_Problem_
For the material below, the expected output is exactly the lines between the line holding "The scrubber Air" and the line holding "נתי קאליש חושף", inclusive, with pictures left out.
Supplied data section start
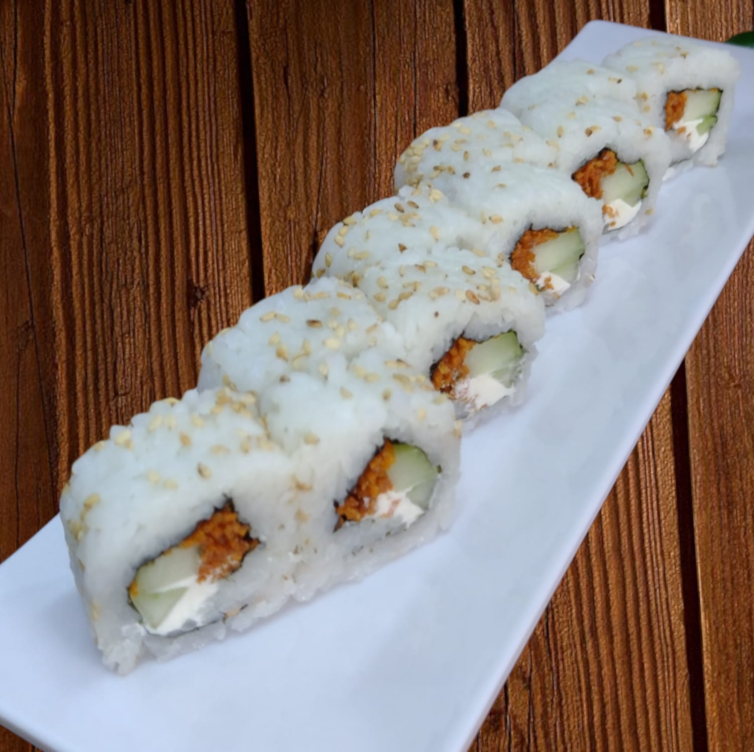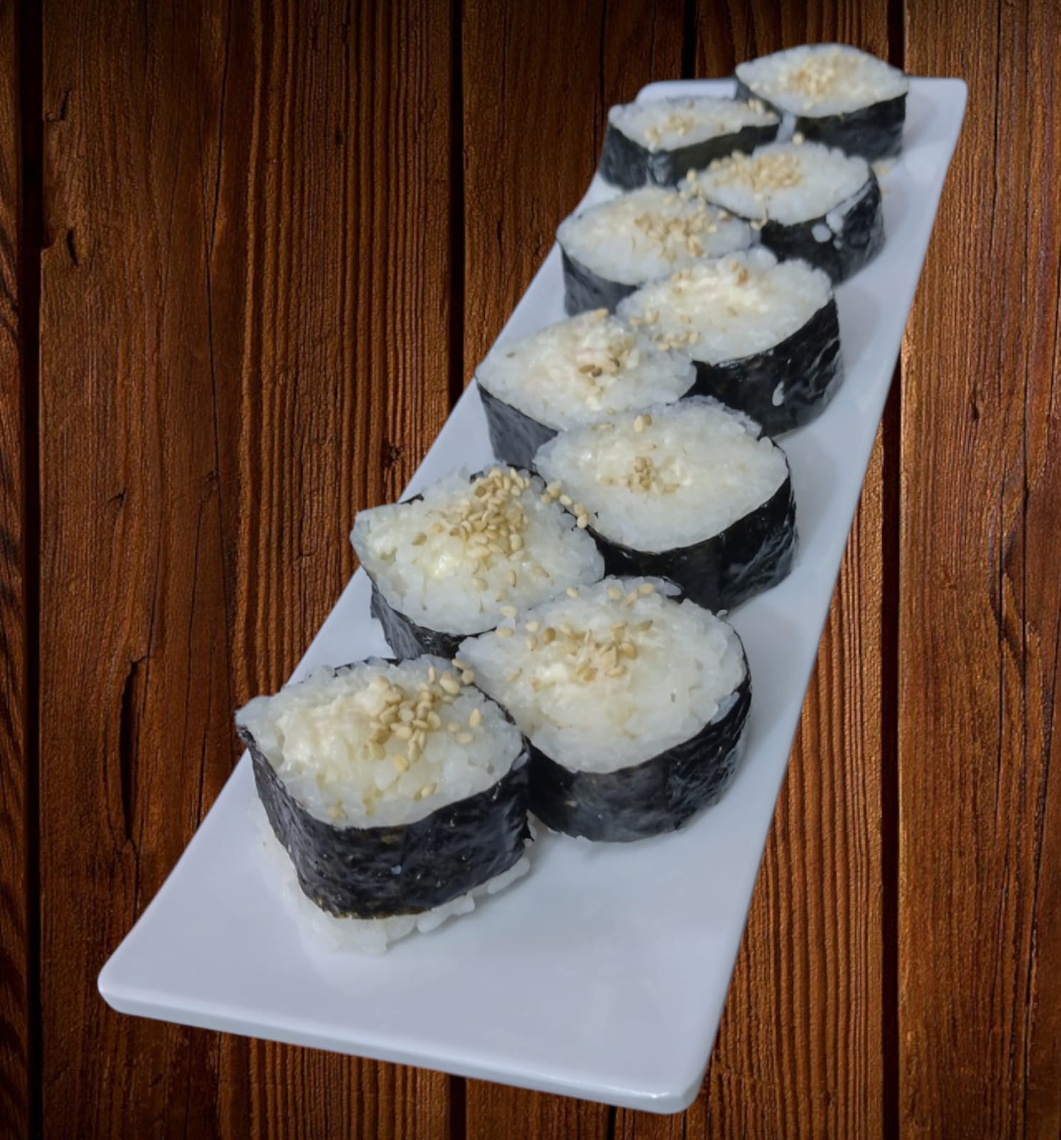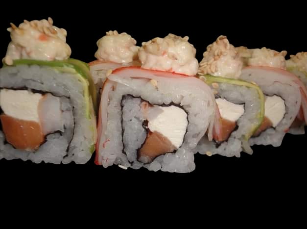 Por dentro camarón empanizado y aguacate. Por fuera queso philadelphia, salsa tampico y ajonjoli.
Supplied data section end
Supplied data section start
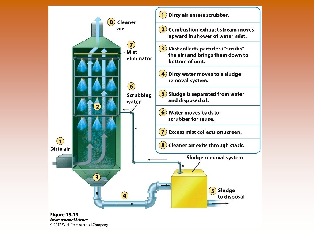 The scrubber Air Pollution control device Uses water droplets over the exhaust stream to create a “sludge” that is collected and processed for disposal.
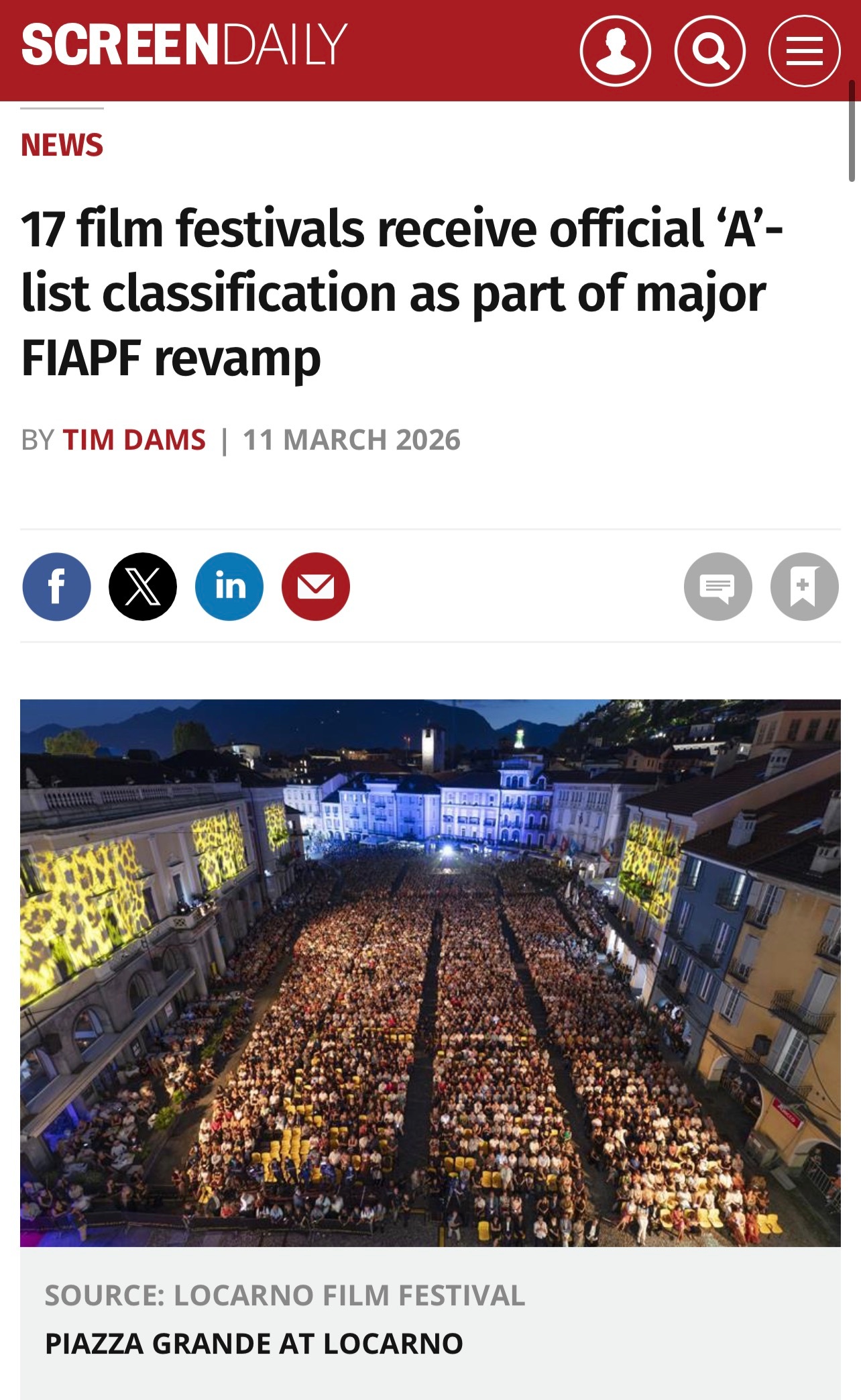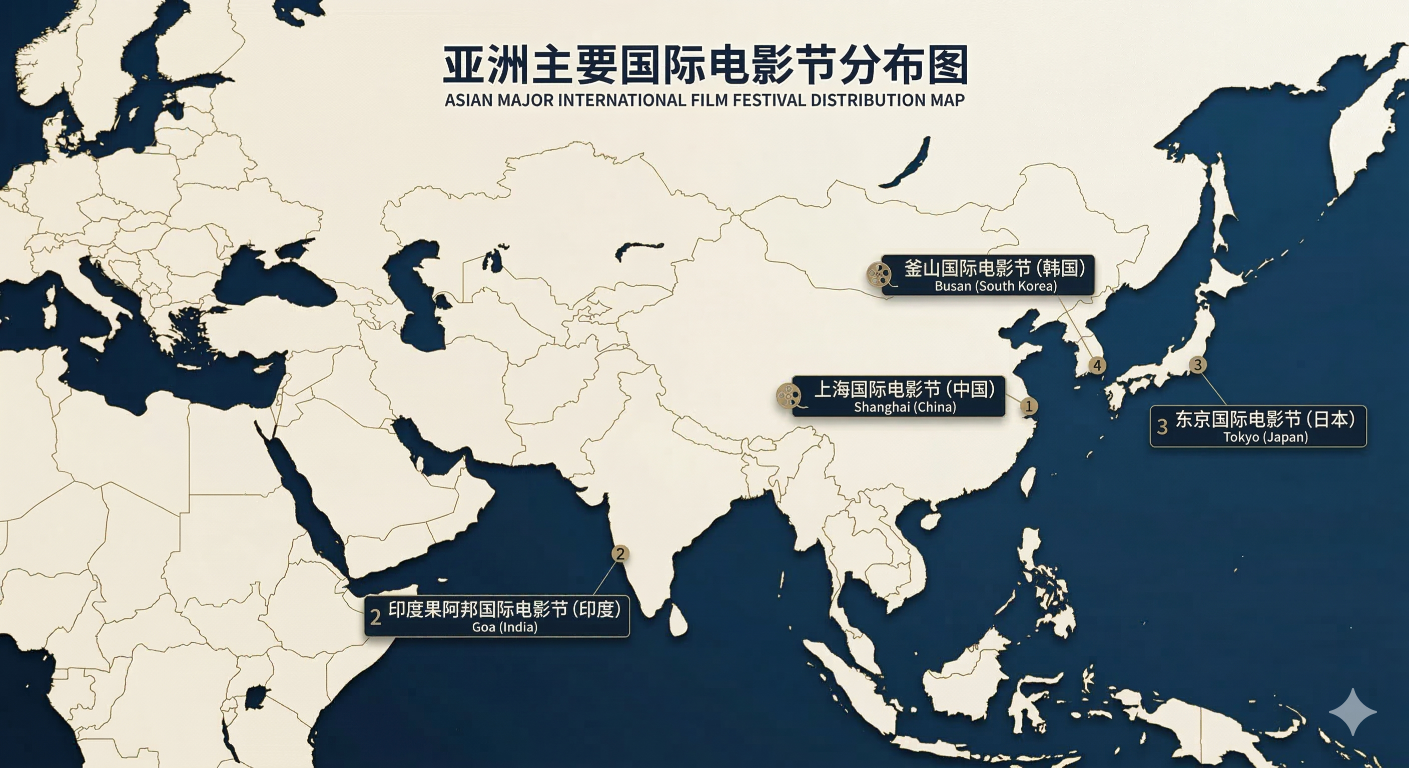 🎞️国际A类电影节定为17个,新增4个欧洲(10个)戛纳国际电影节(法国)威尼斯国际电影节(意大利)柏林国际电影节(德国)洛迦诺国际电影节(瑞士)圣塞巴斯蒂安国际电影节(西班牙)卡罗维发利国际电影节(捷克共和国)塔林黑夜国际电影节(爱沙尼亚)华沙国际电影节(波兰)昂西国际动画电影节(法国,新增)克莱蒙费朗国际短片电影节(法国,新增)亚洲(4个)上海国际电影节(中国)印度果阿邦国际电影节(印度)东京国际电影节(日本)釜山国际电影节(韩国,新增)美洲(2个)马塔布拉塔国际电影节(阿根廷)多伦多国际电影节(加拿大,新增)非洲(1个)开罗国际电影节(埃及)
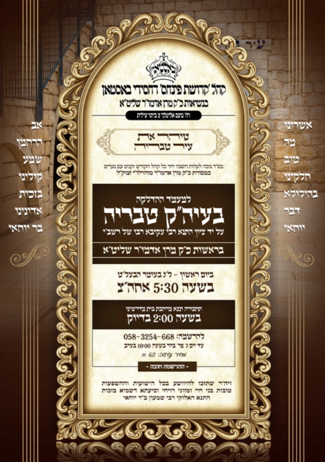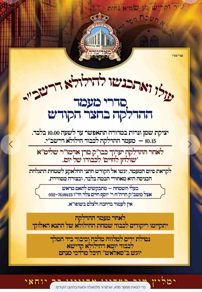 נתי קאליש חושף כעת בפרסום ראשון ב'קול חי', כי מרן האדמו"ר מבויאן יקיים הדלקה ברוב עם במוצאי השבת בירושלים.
Supplied data section end
Supplied data section start
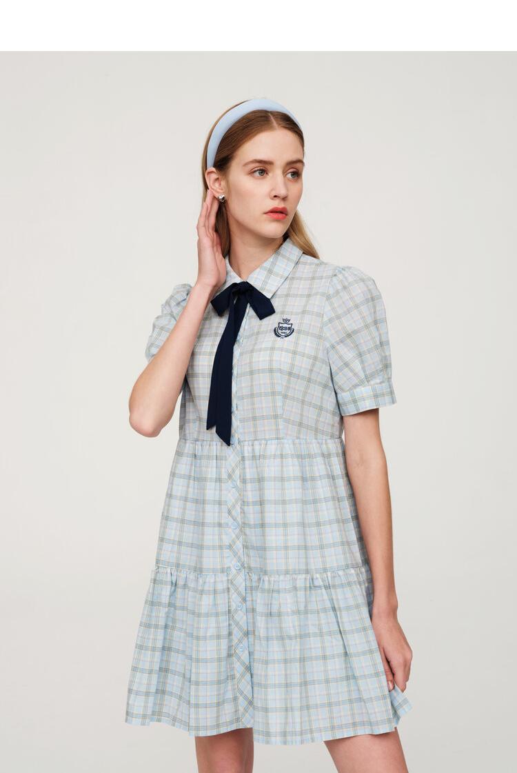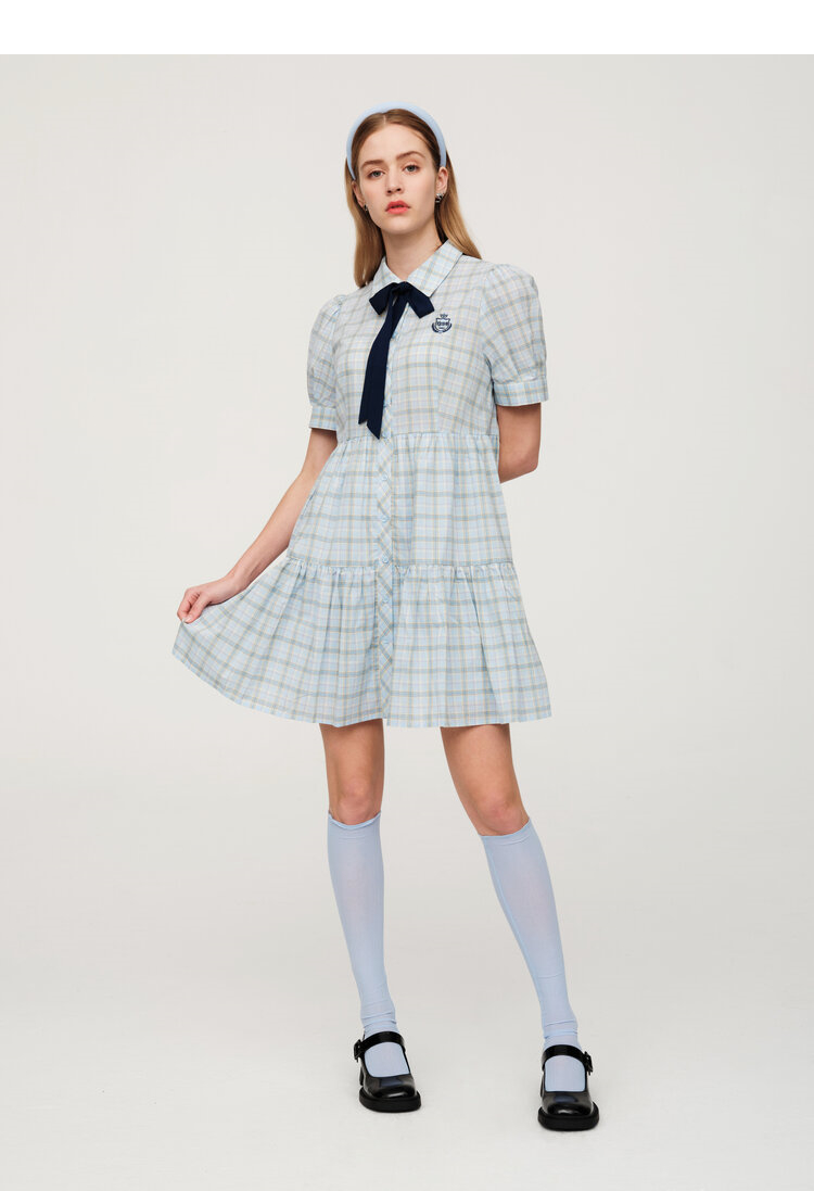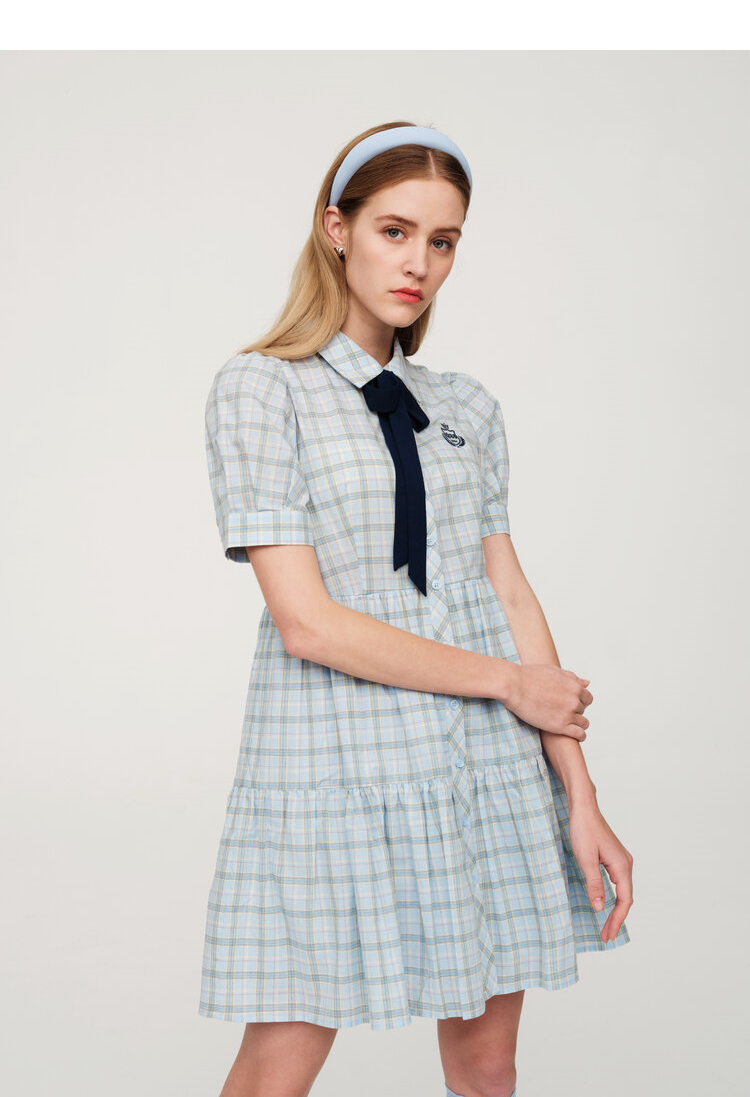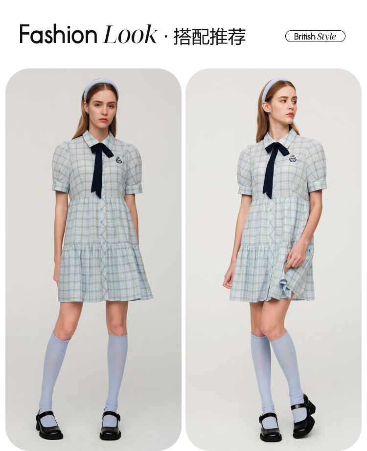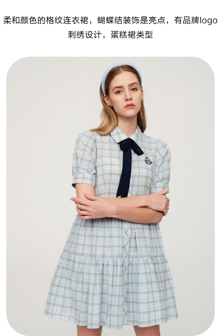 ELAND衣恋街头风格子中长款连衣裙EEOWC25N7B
Supplied data section end
_Result_
 The scrubber Air Pollution control device Uses water droplets over the exhaust stream to create a “sludge” that is collected and processed for disposal.
 🎞️国际A类电影节定为17个,新增4个欧洲(10个)戛纳国际电影节(法国)威尼斯国际电影节(意大利)柏林国际电影节(德国)洛迦诺国际电影节(瑞士)圣塞巴斯蒂安国际电影节(西班牙)卡罗维发利国际电影节(捷克共和国)塔林黑夜国际电影节(爱沙尼亚)华沙国际电影节(波兰)昂西国际动画电影节(法国,新增)克莱蒙费朗国际短片电影节(法国,新增)亚洲(4个)上海国际电影节(中国)印度果阿邦国际电影节(印度)东京国际电影节(日本)釜山国际电影节(韩国,新增)美洲(2个)马塔布拉塔国际电影节(阿根廷)多伦多国际电影节(加拿大,新增)非洲(1个)开罗国际电影节(埃及)
 נתי קאליש חושף כעת בפרסום ראשון ב'קול חי', כי מרן האדמו"ר מבויאן יקיים הדלקה ברוב עם במוצאי השבת בירושלים.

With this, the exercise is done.